Today, we will install llama.cpp on an Ubuntu machine and run Gemma 4 with it, so it can be queried from your local network. No cloud, no subscriptions, no rate limits.
llama.cpp vs. Ollama vs. vLLM
So why llama.cpp over the alternatives? Ollama is convenient, but its abstraction layer limits fine-grained control and leaves performance on the table. vLLM, on the other hand, is overkill for a local network setup; its high-throughput capabilities come with configuration complexity that’s hard to justify for just a handful of clients. llama.cpp hits the sweet spot: near-native performance without the setup headache. And since it comes with the built-in llama-server binary that exposes an OpenAI-compatible API.
Which GPU to use?
You can use virtually any modern NVIDIA GPU for this, as long as you have enough VRAM available. For Gemma 4, 24 GB of VRAM is the minimum recommended. Anything below that and you will be forced into heavier quantization, which will noticeably impact your output quality. In this article, an NVIDIA Quadro RTX 6000 will be used as the GPU.
Basic preparations
Before we get started, let’s install a few base packages we’ll be relying on throughout this guide.
apt-get install wget curl git build-essential pciutilsInstall drivers and CUDA
At the time of writing, the newest available driver version for Linux x86_64 is 595.58.03, which is what we will be installing here.
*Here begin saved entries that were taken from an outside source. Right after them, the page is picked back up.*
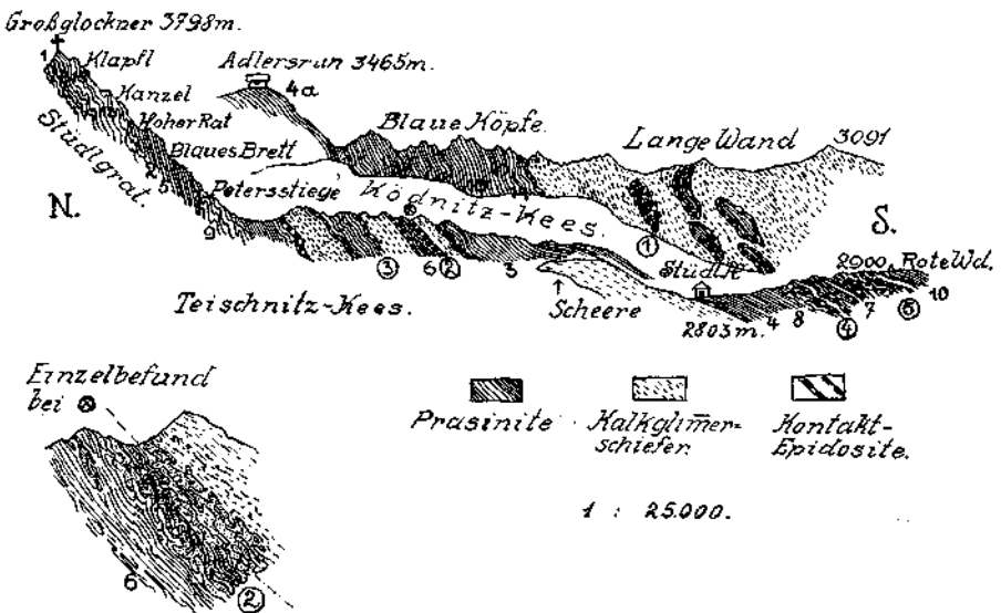
Fig. 1. Glocknerprofil über dem Stüdlgrat.

Dasselbe ist am Kleinglockner zu sehen, auf den Felsen der Adlerruhe, im Kamm der Blauen Köpfe und in der Langen Wand. Das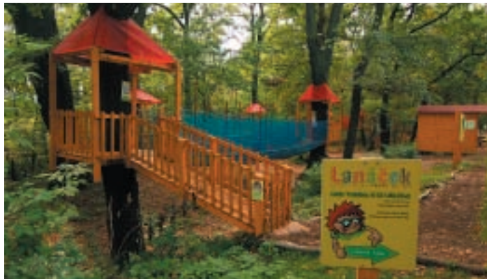
Lanové centrum Lanáček

Lanové centrum Lanáček je soustavou 10-ti různorodých drah, na nichž si mohou děti od 3 do 11-ti let vyzkoušet svou fyzickou zdatnost. Dráhy jsou samozřejmě řešeny s ohledem na bezpečnost dětí a po celý den na provoz dohlíží zodpovědný pracovník. O prázdninách je lanáček otevřen denně od 9:00 hodin do 18:00 hodin. Vstupné je 50,- Kč na den. Po zaplacení vstupného dostanou děti na ruku označující náramek, a proto je možné navštívit Lanáček v rámci padesátikorunového vstupného opakovaně v průběhu dne.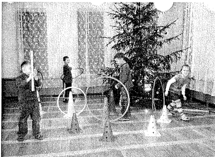
Tiek iemēģināts jaunais sporta inventārs stafetēm

Facebook: isv131313 Mājas lapa: logopedia.lv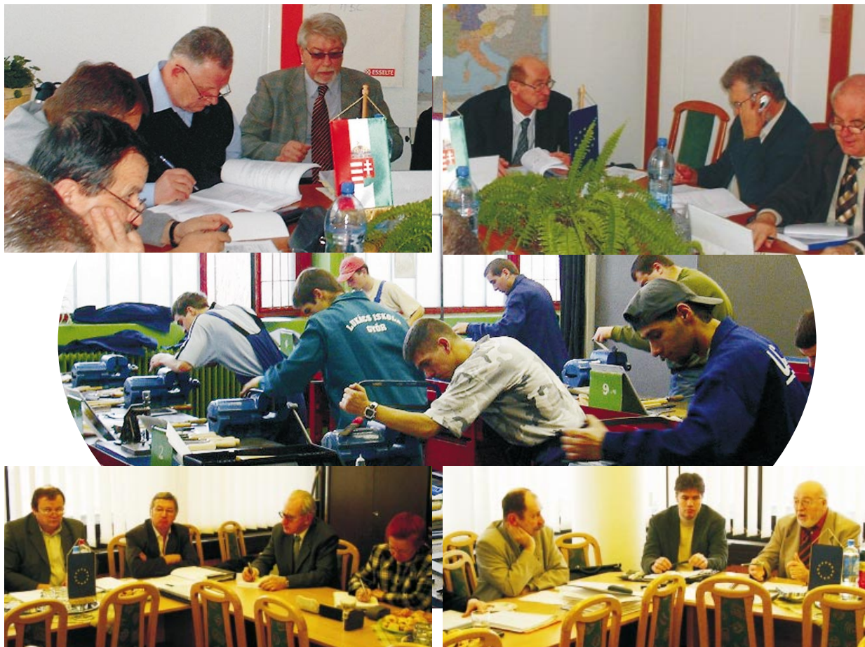
A Nógrád Megyei Munkaügyi Tanács összejövetelein és a Nógrád gazdaságáért ülésein szintén fontos téma a foglalkoztatási stratégia

tő. Az alkotók számítása szerint a maHoln@p program több ezer fiatal számára nyújthat segítséget a pályakezdésben. A középfokú, felsőfokú szakképzésből valamint a felsőoktatásból kilépő fiataloknak ugyanis olyan komplex tananyagot állítottak össze, amely figyelembe veszi, hogy milyen iskolatípusból lépett ki a fiatal. Ez a tananyag négy fő témakörre épül, a munkajog, munkavédelem, munkaerőpiacra történő belépés, valamint az álláskereső kérdéskörét veszi górcső alá. Az elkészült munka az alkotók reményei szerint a jövőben a pályaválasztás, a munkába állás előtt álló fiatalokat segítő szervezeteknek is segítséget nyújt, internetes változatát április elsejétől az év végéig a http://palyakezdo.seagull.hu honlapon a regisztrált látogatóknak ingyenesen a rendelkezésükre bocsátják. A program fejlesztését valamint ingyenes kipróbálását a Foglalkoztatási és Munkaügyi Minisztérium, a Nemzeti Felnőttképzési Intézet, a Nógrád Megyei Munkaügyi Központ és az J. L. Seagull Alapítvány támogatja. A pályakezdő fiatalok munkahelyi beilleszkedését segítő fejlesztő program a szakképzésből, illetve a felsőoktatásból kikerülő fiatalokat kívánja segíteni. A modulonként is igénybe vehető elektronikus tananyagot úgy méretezték, hogy az 260 órában a képernyő előtt töltött időt, a feladatok elvégzésnek időtartamát és a tréningeken való részvétel óraszámát is magában foglalja.

Before downloading, it is worth quickly checking whether your specific GPU is supported. NVIDIA maintains a list of supported products on their CUDA GPUs page and a separate legacy page for older hardware.
One important distinction to be aware of before proceeding: CUDA Compute Capability and CUDA Toolkit version are two separate things and are often confused. The Compute Capability is a property of your GPU’s hardware architecture and determines which features it supports. The CUDA Toolkit version, on the other hand, is the version of the software stack you install. A card with a higher Compute Capability generally supports a wider range of toolkit versions. For reference, compatibility information can be found in the cuDNN support matrix.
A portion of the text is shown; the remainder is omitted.